Olivia: One of my favorite books from a class at Bard is The Great Gatsby. Recently, I have begun reading the book again with a newfound appreciation for the novel. The first time I read the book was in the ninth grade, and I sometimes found the decorative language to be frustrating because it was challenging to uncover certain events or plot points. Reading the book a second time allows me to realize that each word is chosen so precisely, each sentence either delicately foreshadows future events, or presents an opportunity for symbolic interpretation through the variety of colors, emblematic objects, or character interactions and dialogue. The Great Gatsby helped me improve my comprehension and analysis skills, and taught me lessons that I now find valuable. The book taught me the danger in idealizing a person or concept. Dreams and ideas of a person or concept can spiral out of control and drive an unreasonable obsession, which can negatively impact many people. Chasing after an obsession with a lack of regard for others or further reasoning can hurt everyone involved. Revisiting this topic after having a better understanding of myself and my values has been very exciting, and I now appreciate the book further.

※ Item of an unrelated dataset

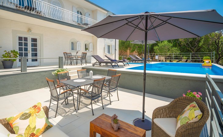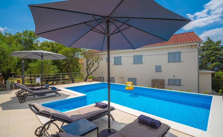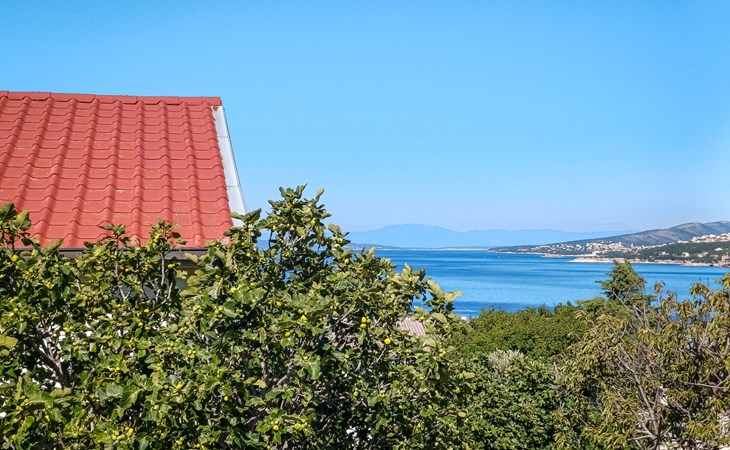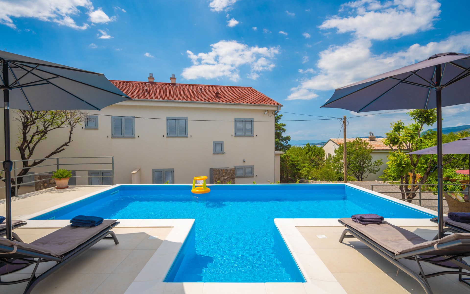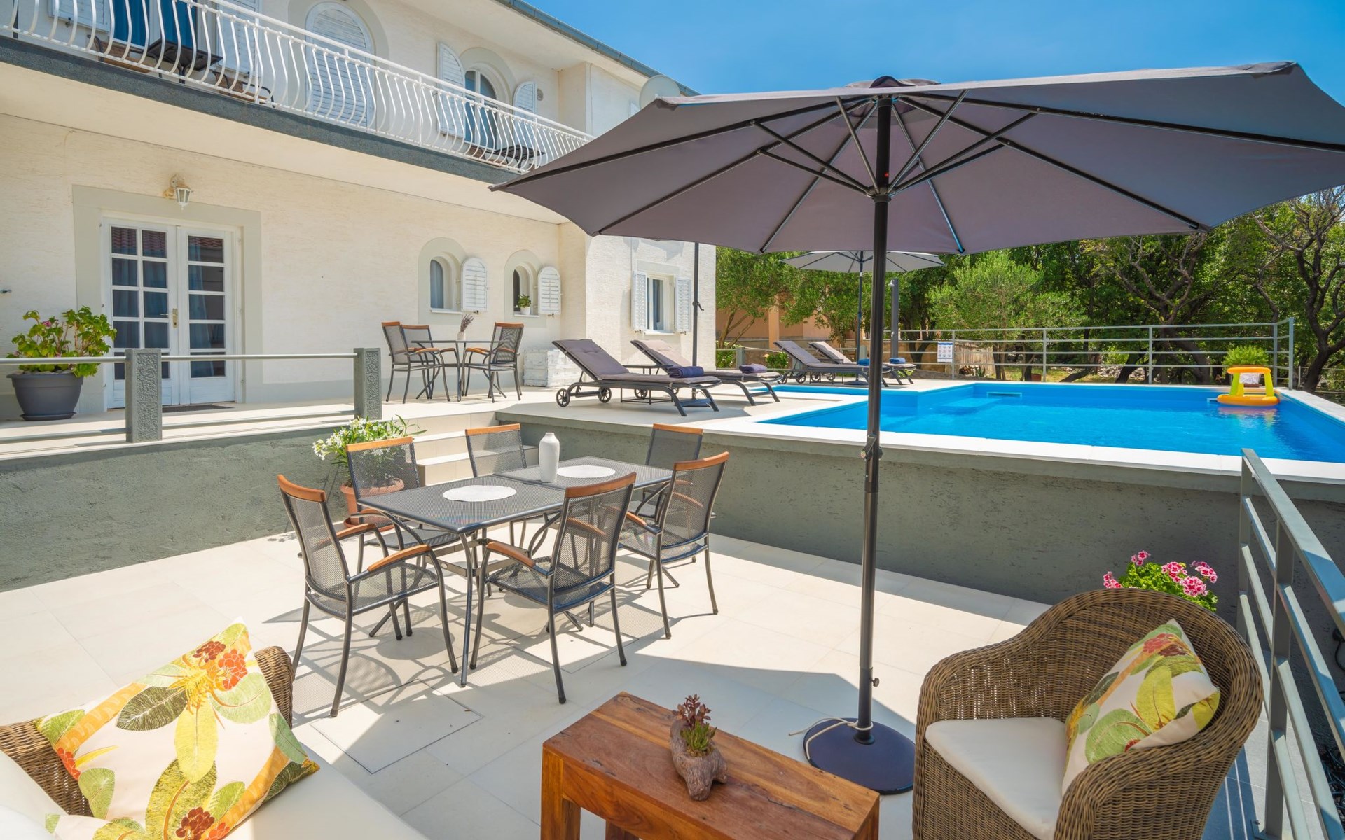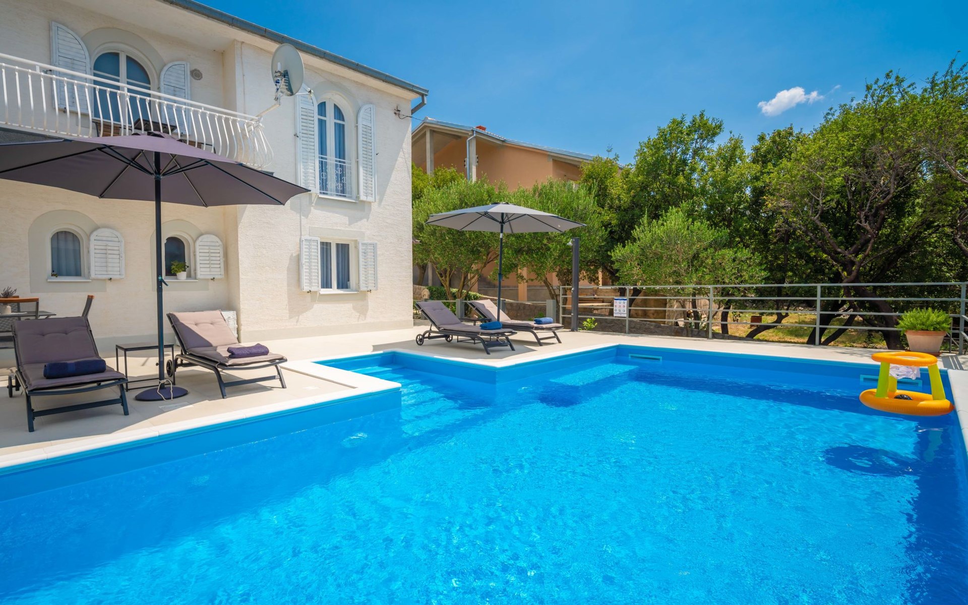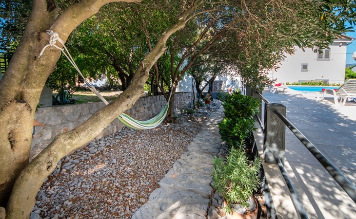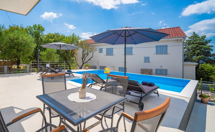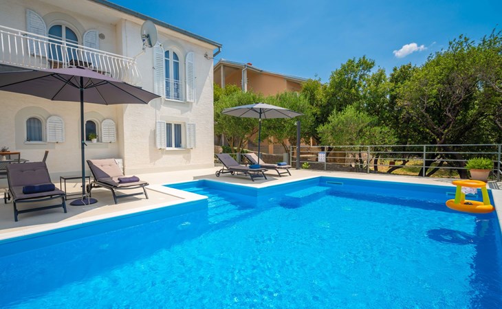 Klenovica 8 km from Novi Vinodolski: Single-family house "My Day House", 2 storeys. 600 m from the centre of Klenovica, in a quiet, sunny, elevated position, 350 m from the sea, 350 m from the beach, in a cul-de-sac. Private: property 1'000 m2 (fenced) with lawn 80 m2 wildlife garden, swimming pool angular (8 x 4 m, depth 150 cm, seasonal availability: 01.May. - 30.Sep.) with internal staircase. Outdoor shower, terrace (150 m2), garden furniture, barbecue. In the house: internet access, washing machine. Parking (for 6 cars) at the house on the premises. Shop, restaurant 600 m, bus stop 950 m, pebble beach 350 m. Groups of teenagers on request only. By groups of young people double deposit is requested on arrival. The house consists of 3 apartments rented as one unit.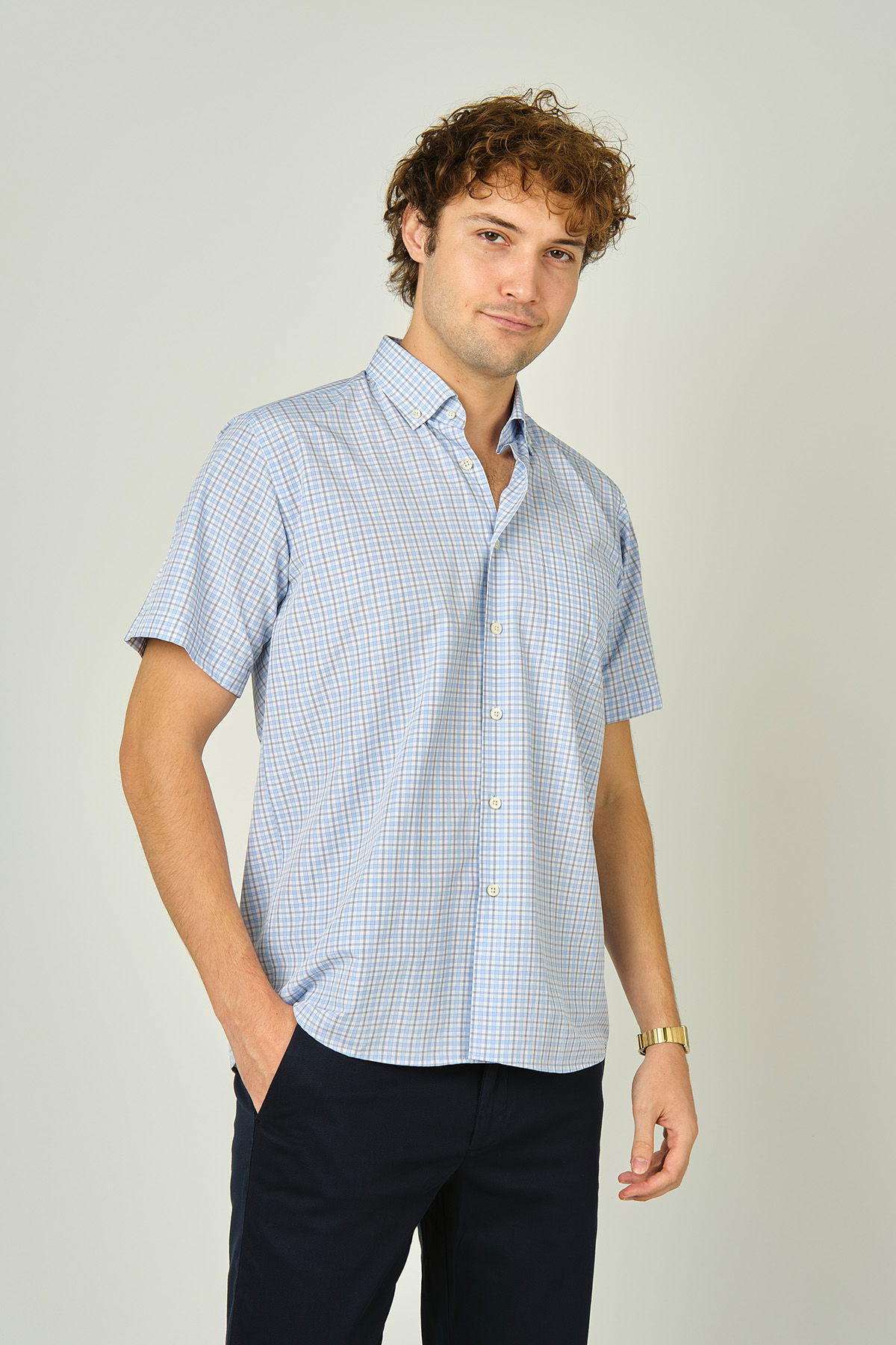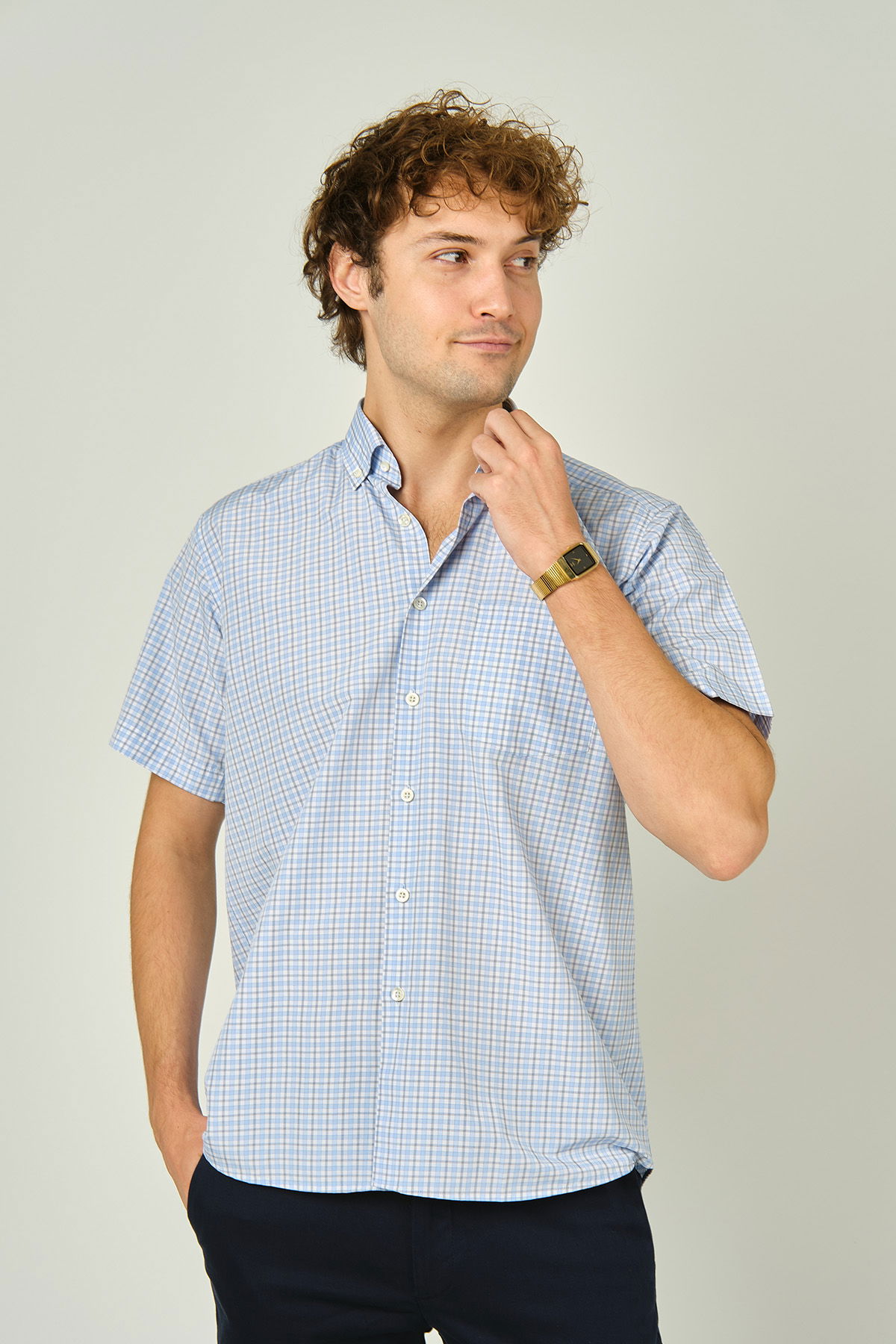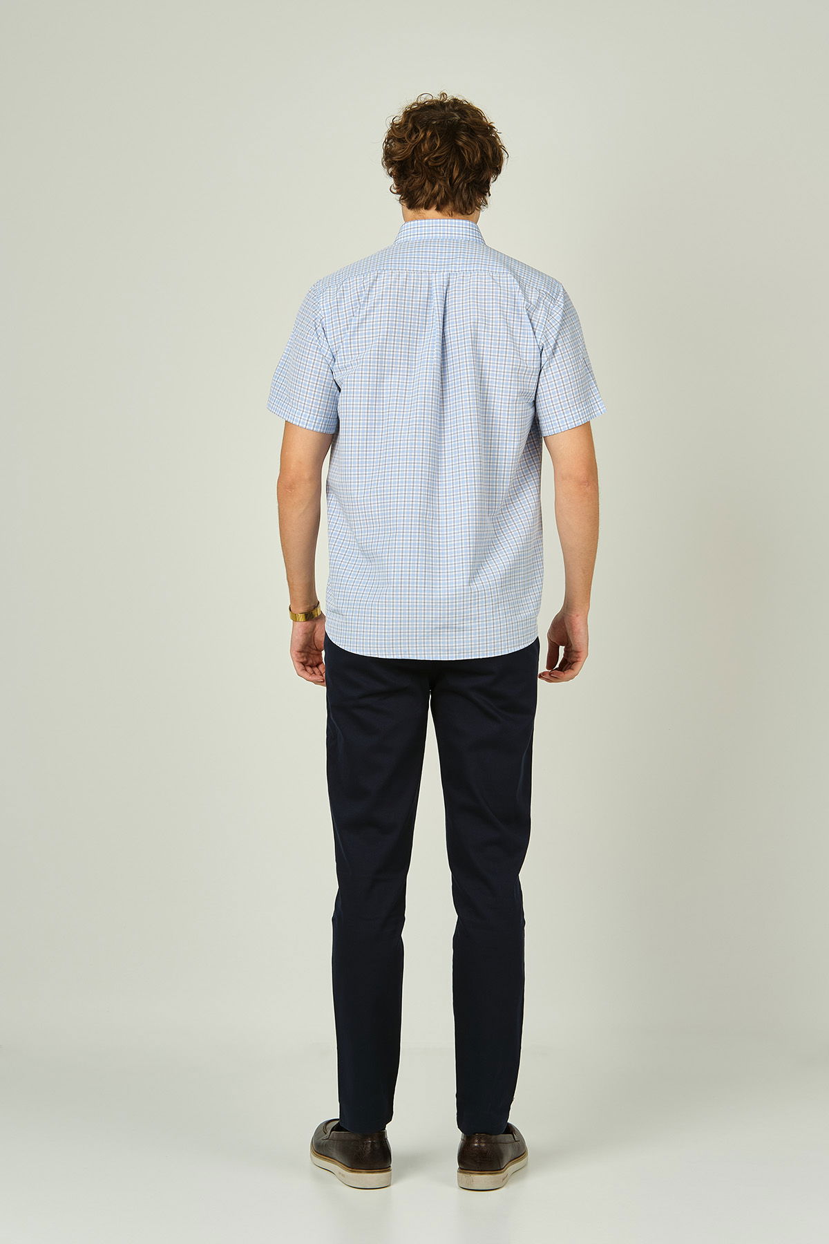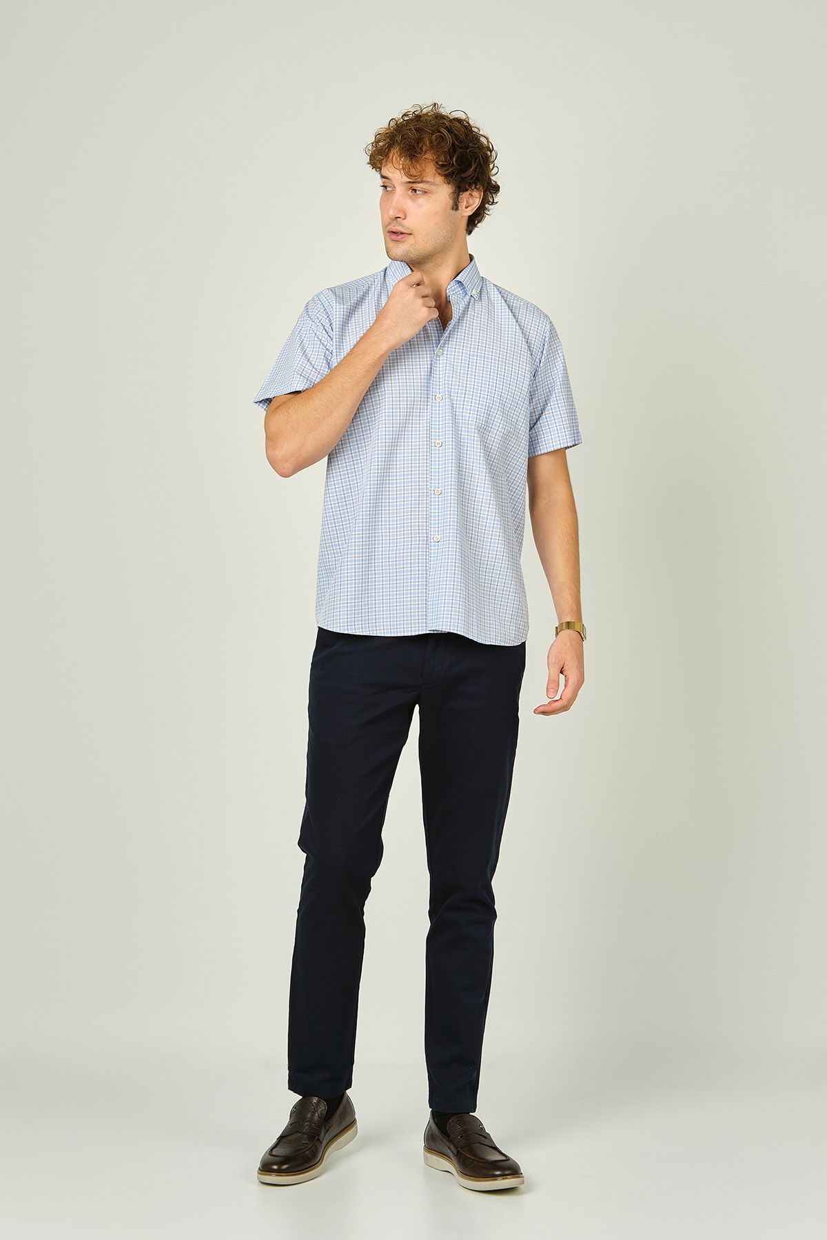 Mugi Erkek Tek Cepli Yaka Düğmeli Kısa Kollu Pamuklu Gömlek 3002 Mavi

BardVERSE: What advice do you have for writers at Bard?
Olivia: I would tell other writers at Bard to get comfortable with their first drafts. I would suggest to get comfortable writing first drafts and sharing them for further revision. Writing a first draft has always been one of the hardest parts of writing a paper for me because I have an unreasonably high expectation of what my paper should look and sound like in this beginning stage. Sometimes I would focus so much on making my paper sound like a professional and refined paper that I would lose creativity and motivation because of the pressure I put on myself. It became daunting to start writing a paper, because I would begin writing with the fear that it would not be good according to my expectations. So, my advice to other writers is to just begin writing your first draft and do not stop. Pour all of your ideas out, because that is what this stage of the writing process is all about. You can revise your essay later, just focus on finding your thoughts within that first draft, and organize them later. Embrace the fact that a quality first draft is unlikely. Strive for creative thoughts and try to search for your ideas in your first draft. Next, revise as much as possible. Ask different people to review, proofread, or edit your papers so that you have multiple perspectives on how to improve. There is always room to revise, but try to revise to the point where you can feel proud of your work. That pride in your effort and paper is one of the most rewarding feelings in writing.